Stored dataset items
*-*-*

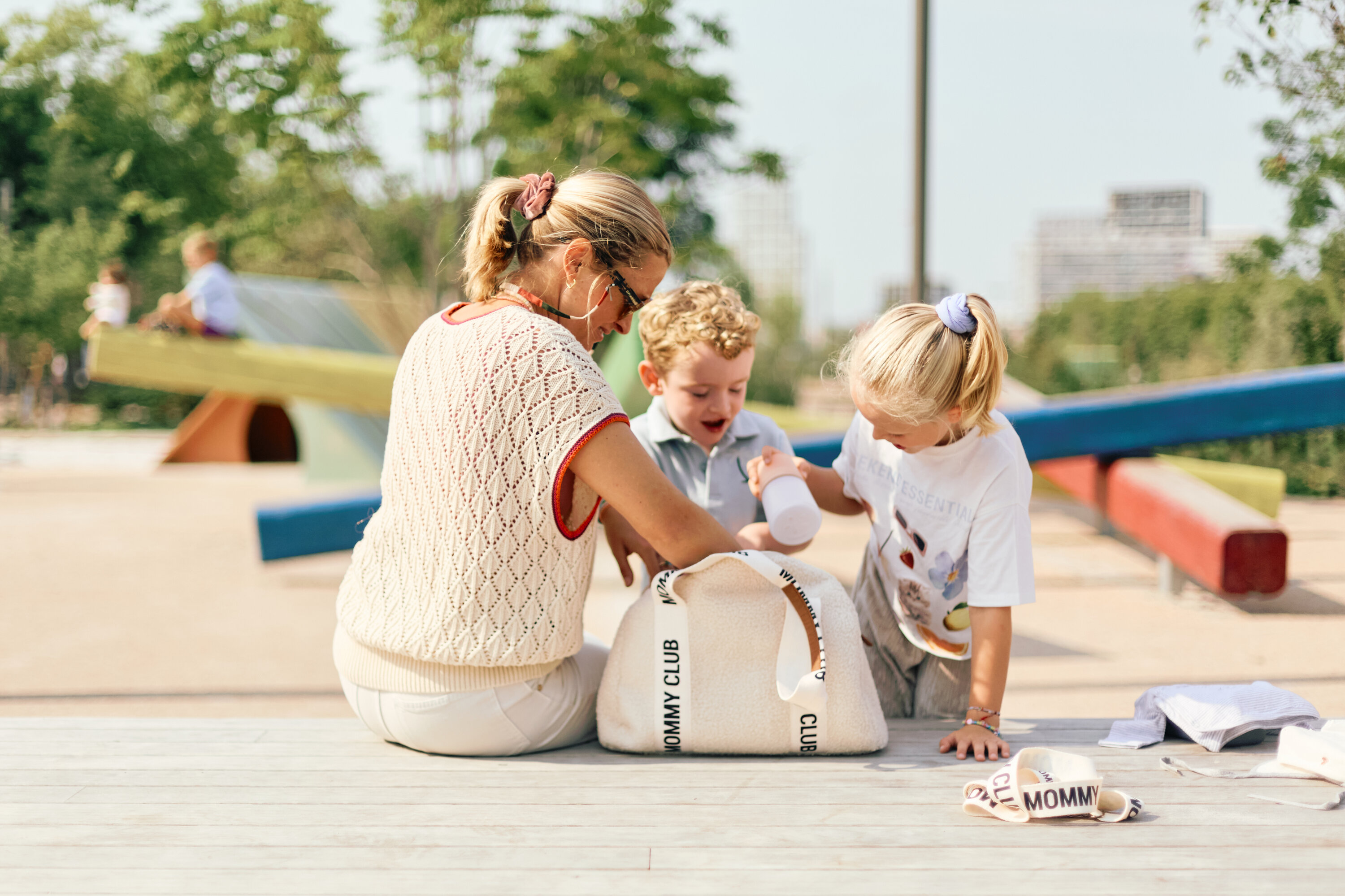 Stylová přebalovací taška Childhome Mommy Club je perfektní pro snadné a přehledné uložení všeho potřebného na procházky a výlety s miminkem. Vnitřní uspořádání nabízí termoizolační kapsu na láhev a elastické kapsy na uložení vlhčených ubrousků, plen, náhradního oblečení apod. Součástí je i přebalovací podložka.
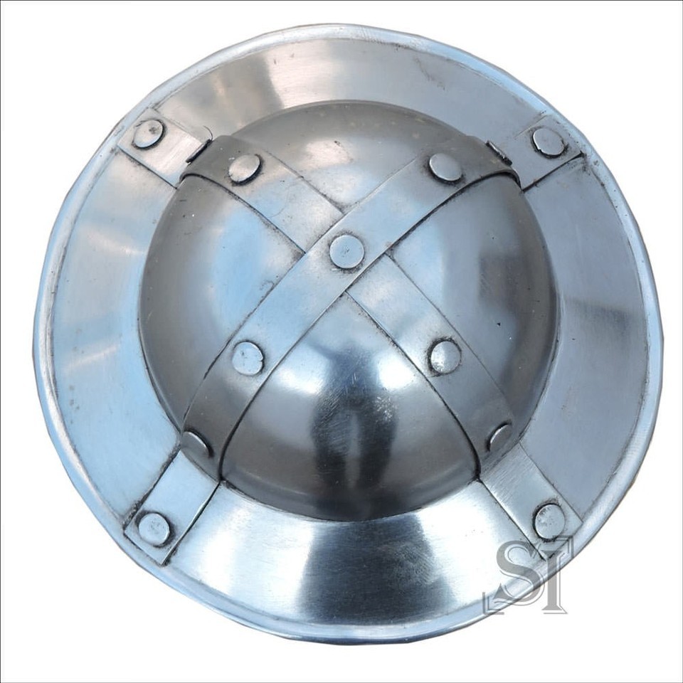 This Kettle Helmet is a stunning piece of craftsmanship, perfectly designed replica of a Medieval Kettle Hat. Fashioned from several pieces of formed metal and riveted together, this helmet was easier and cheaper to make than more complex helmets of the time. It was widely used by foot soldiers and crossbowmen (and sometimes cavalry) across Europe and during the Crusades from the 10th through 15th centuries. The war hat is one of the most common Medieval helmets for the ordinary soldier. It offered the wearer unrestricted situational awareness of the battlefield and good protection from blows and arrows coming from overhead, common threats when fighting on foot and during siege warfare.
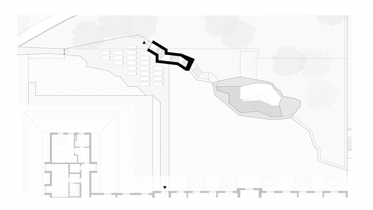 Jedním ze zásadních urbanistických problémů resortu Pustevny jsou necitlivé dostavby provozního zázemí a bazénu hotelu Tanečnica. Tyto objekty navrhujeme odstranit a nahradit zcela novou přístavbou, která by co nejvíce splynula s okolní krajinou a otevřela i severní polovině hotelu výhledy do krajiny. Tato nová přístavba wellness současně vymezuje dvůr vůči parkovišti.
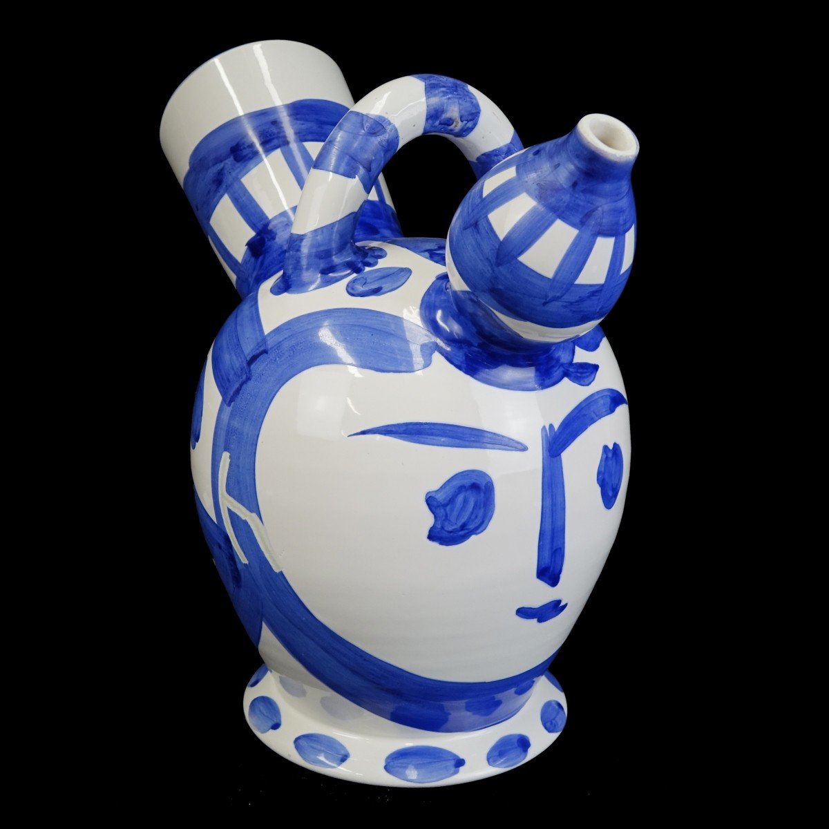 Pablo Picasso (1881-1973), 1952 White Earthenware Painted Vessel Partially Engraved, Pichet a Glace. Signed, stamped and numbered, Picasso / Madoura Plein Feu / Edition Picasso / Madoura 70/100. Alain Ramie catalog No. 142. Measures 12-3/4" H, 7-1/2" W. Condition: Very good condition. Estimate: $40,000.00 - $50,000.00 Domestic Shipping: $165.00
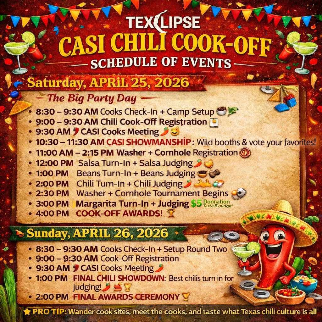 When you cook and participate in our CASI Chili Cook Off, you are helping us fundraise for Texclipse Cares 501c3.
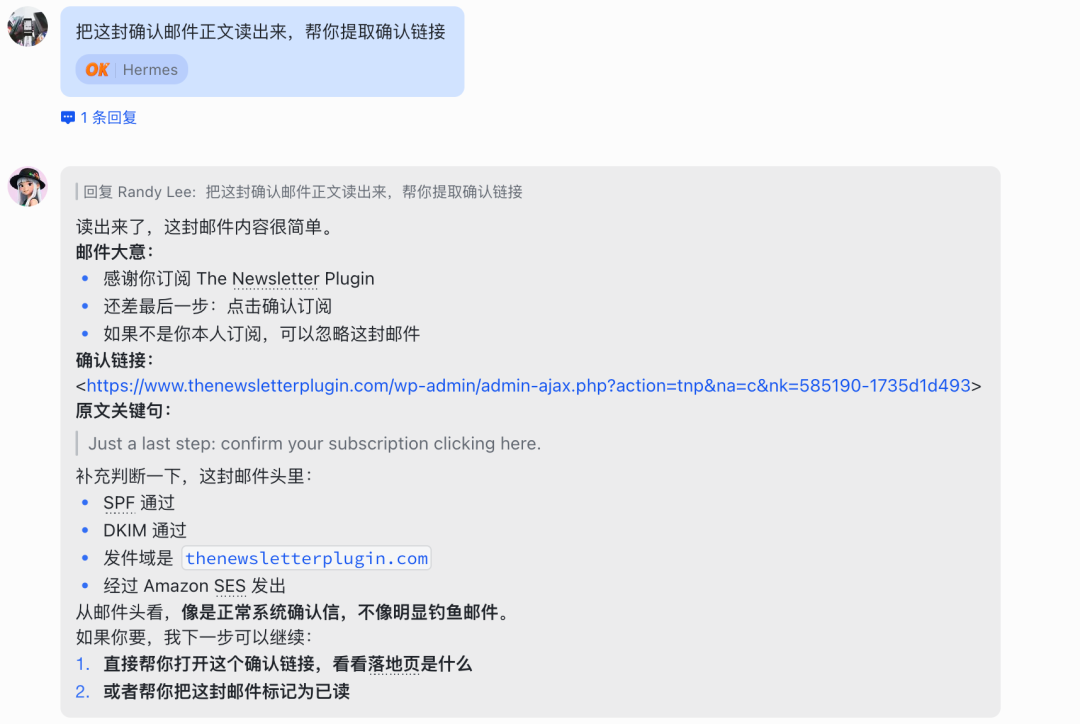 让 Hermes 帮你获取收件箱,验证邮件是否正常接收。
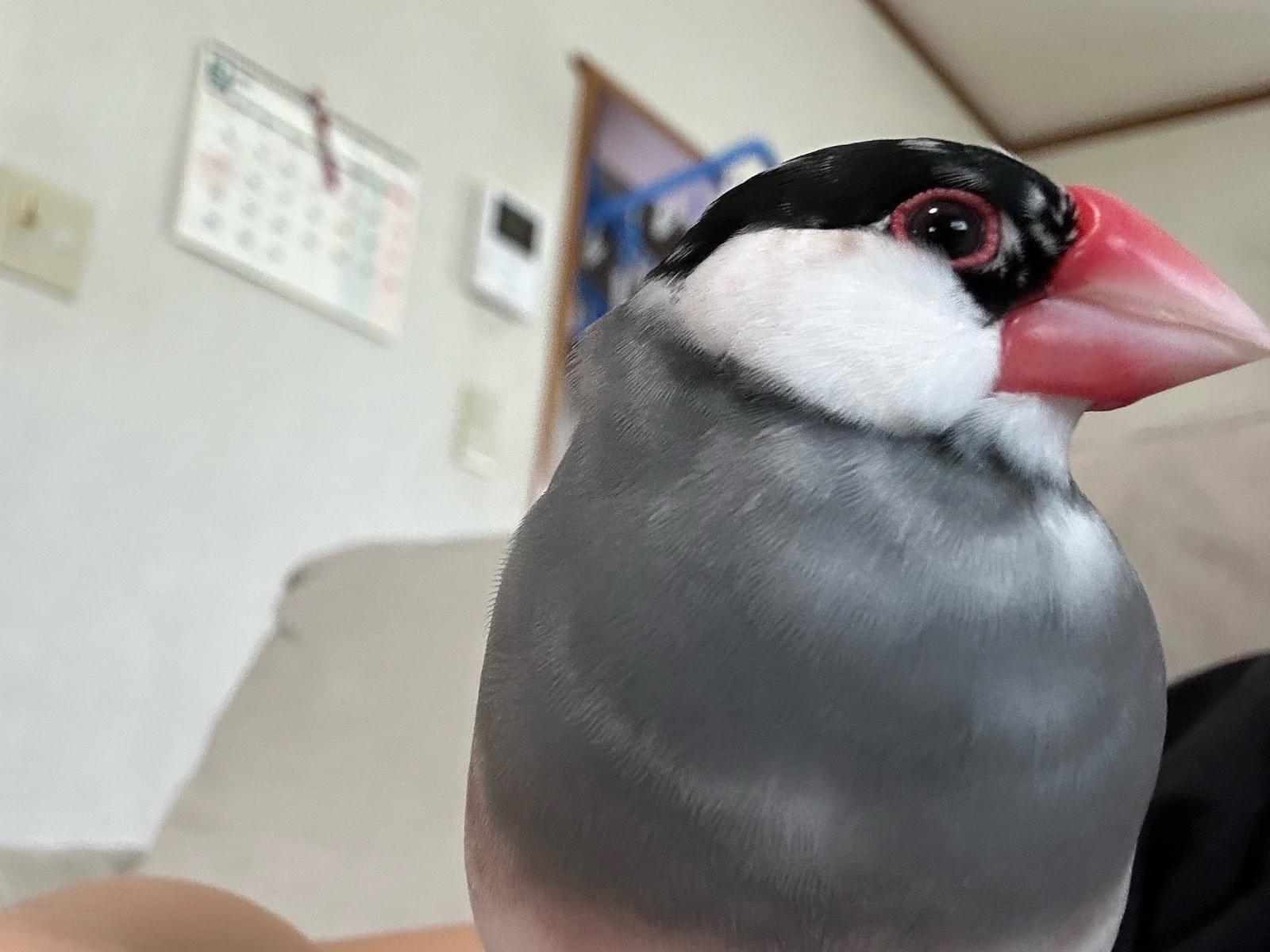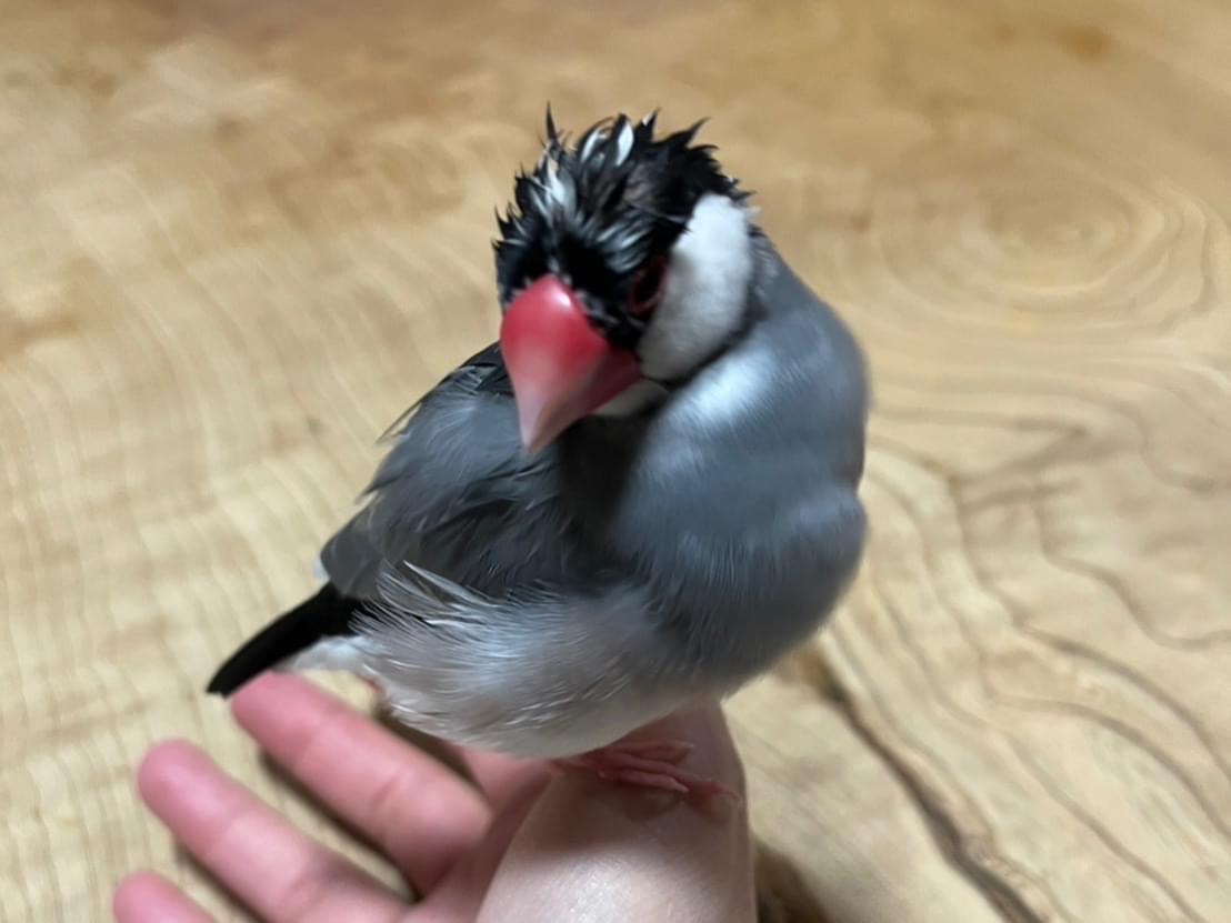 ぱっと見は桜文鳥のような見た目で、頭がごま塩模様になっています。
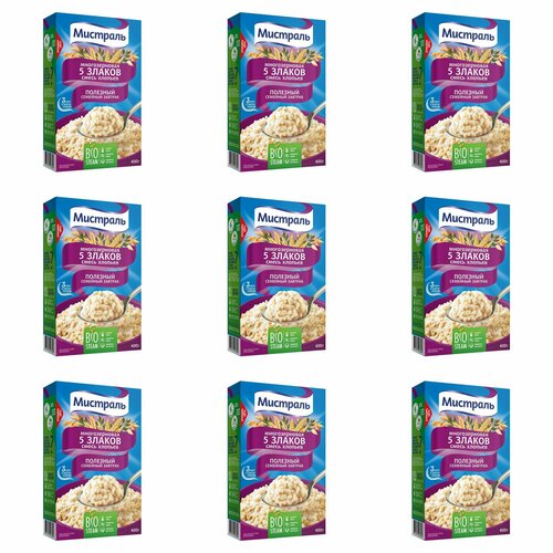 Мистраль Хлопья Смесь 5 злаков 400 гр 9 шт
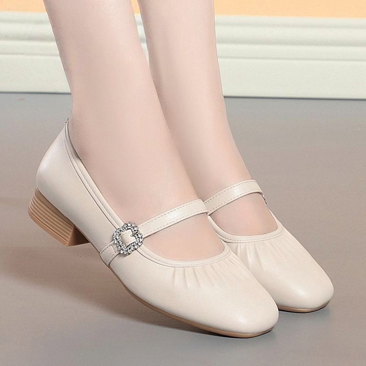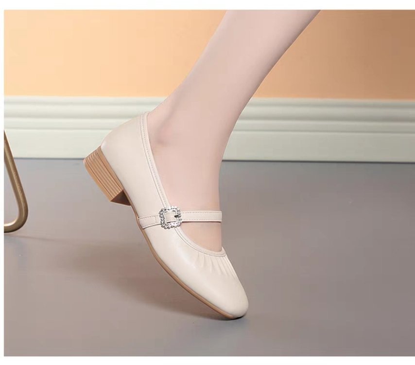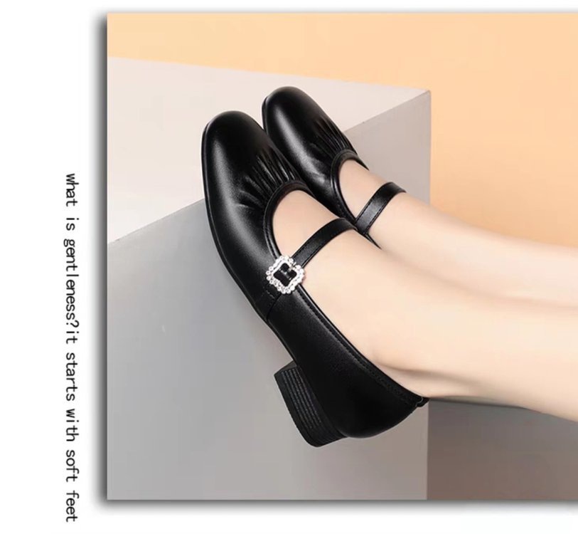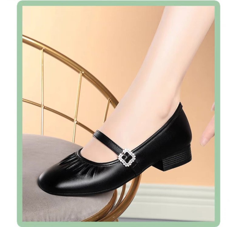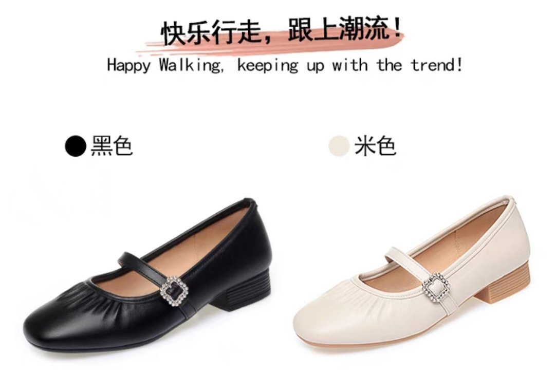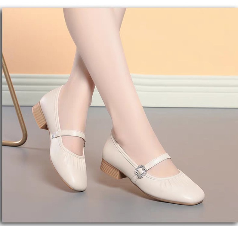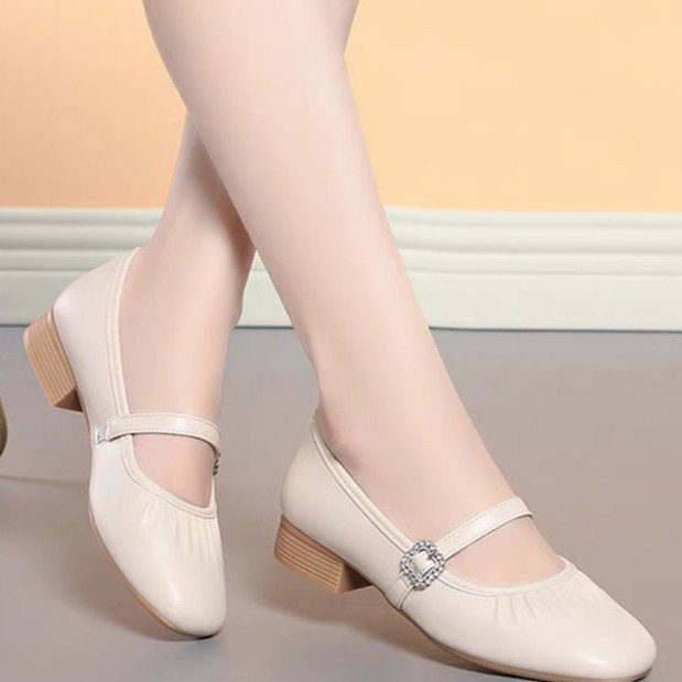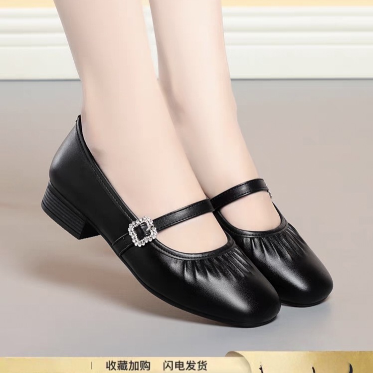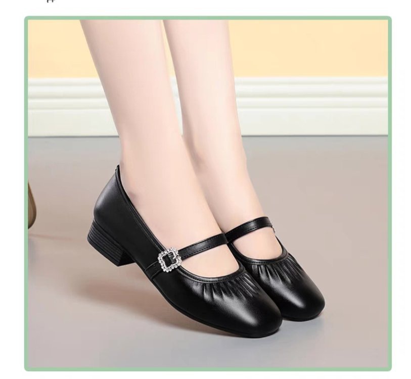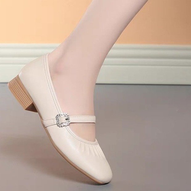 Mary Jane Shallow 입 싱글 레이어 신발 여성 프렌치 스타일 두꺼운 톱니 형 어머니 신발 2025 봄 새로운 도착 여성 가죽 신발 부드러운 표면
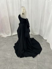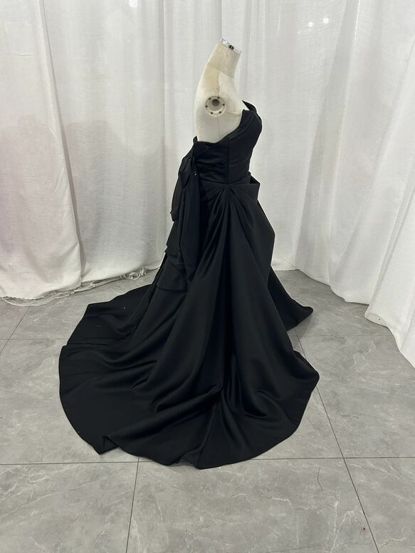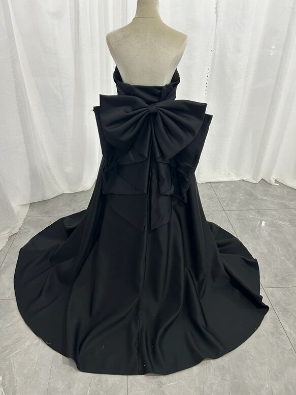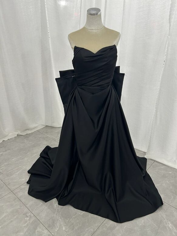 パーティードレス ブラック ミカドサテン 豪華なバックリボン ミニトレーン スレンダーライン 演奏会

*-*-*

*Exercise directions*: Reproduce exactly and only the lines from the line that contains "Мистраль Хлопья Смесь 5 злаков 400 гр 9 шт" to the end of the data above, both ends included. No pictures go in the copy.

*Solution to the exercise*:
 Мистраль Хлопья Смесь 5 злаков 400 гр 9 шт
 Mary Jane Shallow 입 싱글 레이어 신발 여성 프렌치 스타일 두꺼운 톱니 형 어머니 신발 2025 봄 새로운 도착 여성 가죽 신발 부드러운 표면
 パーティードレス ブラック ミカドサテン 豪華なバックリボン ミニトレーン スレンダーライン 演奏会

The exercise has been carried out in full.